Image caching and rebuilds
Modal uses the definition of an Image to determine whether it needs to be rebuilt. If the definition hasn’t changed since the last time you ran or deployed your App, the previous version will be pulled from the cache.
Images are cached per layer (i.e., per Image
method call), and breaking
the cache on a single layer will cause cascading rebuilds for all subsequent
layers. You can shorten iteration cycles by defining frequently-changing
layers last so that the cached version of all other layers can be used.

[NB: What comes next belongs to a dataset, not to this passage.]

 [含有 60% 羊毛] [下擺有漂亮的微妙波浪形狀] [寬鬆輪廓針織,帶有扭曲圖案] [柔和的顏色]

In some cases, you may want to force an Image to rebuild, even if the
definition hasn’t changed. You can do this by adding the force_build=True
argument to any of the Image building methods.
image = (
modal.Image.debian_slim()
.apt_install("git")
.pip_install("slack-sdk", force_build=True)
.run_commands("echo hi")
)
As in other cases where a layer’s definition changes, both the pip_install
and run_commands
layers will rebuild, but the apt_install
will not. Remember to
remove force_build=True
after you’ve rebuilt the Image, or it will
rebuild every time you run your code.
Alternatively, you can set the MODAL_FORCE_BUILD
environment variable (e.g. MODAL_FORCE_BUILD=1 modal run ...
) to rebuild all images attached to your App.

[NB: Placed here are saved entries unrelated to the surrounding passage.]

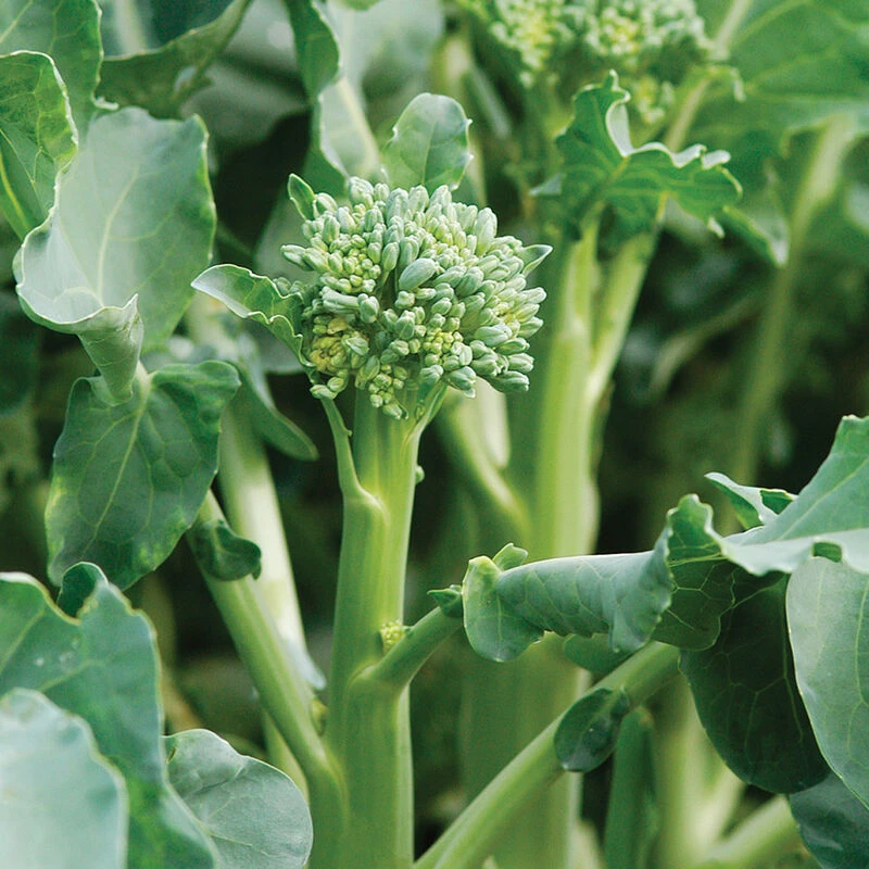 Uniform, vigorous, dark green plants produce jumbo-size florets that resemble mini heads of broccoli, and have an excellent, sweet, broccoli flavor. This sprouting broccoli produces ample amounts of side shoots when plants are spaced 12–18″ apart. For a single crop harvest, space plants 6–8″ apart. Pinching not necessary.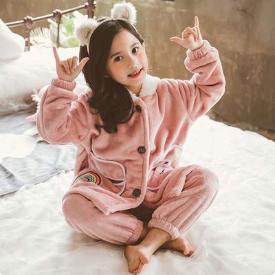 左爱佑童儿童秋冬睡衣女童中大童法兰绒加厚女孩冬季珊瑚绒家居服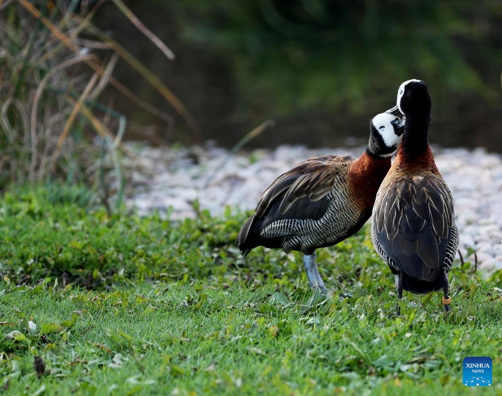 This photo taken on Nov. 9, 2022 shows two white-faced whistling ducks at London Wetland Centre in London, Britain. (Xinhua/Li Ying)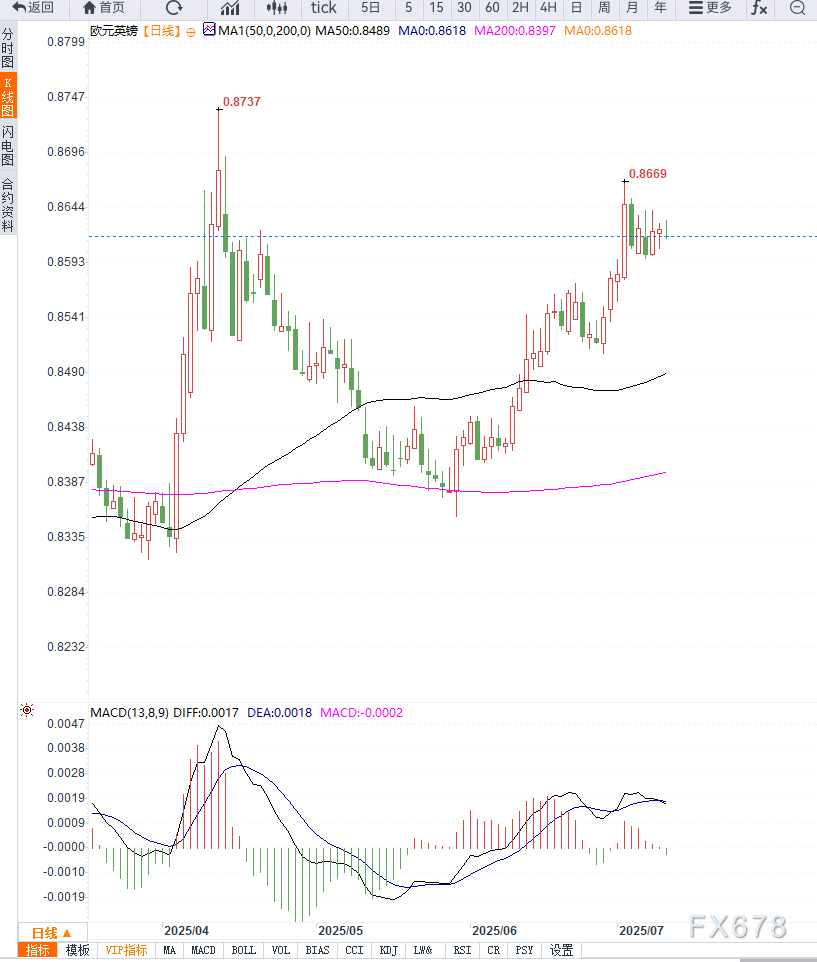 周四欧市早盘,EUR/GBP小幅上涨至0.8625附近。市场乐观预计欧盟与美国之间的关税谈判有望在“数日内达成协议”,避免特朗普政府对欧盟商品加征10%以上的进口关税。

But note that when you rebuild a base layer, the cache will be invalidated for all Images that depend on it, and they will rebuild the next time you run or deploy
any App that uses that base. If you’re debugging an issue with your Image, a better
option might be using MODAL_IGNORE_CACHE=1
. This will rebuild the Image from the
top without breaking the Image cache or affecting subsequent builds.
Image builder updates
Because changes to base images will cause cascading rebuilds, Modal is conservative about updating the base definitions that we provide. But many things are baked into these definitions, like the specific versions of the Image OS, the included Python, and the Modal client dependencies.
We provide a separate mechanism for keeping base images up-to-date without causing unpredictable rebuilds: the “Image Builder Version”. This is a workspace level-configuration that will be used for every Image built in your workspace. We release a new Image Builder Version every few months but allow you to update your workspace’s configuration when convenient. After updating, your next deployment will take longer, because your Images will rebuild. You may also encounter problems, especially if your Image definition does not pin the version of the third-party libraries that it installs (as your new Image will get the latest version of these libraries, which may contain breaking changes).
You can set the Image Builder Version for your workspace by going to your workspace settings. This page also documents the important updates in each version.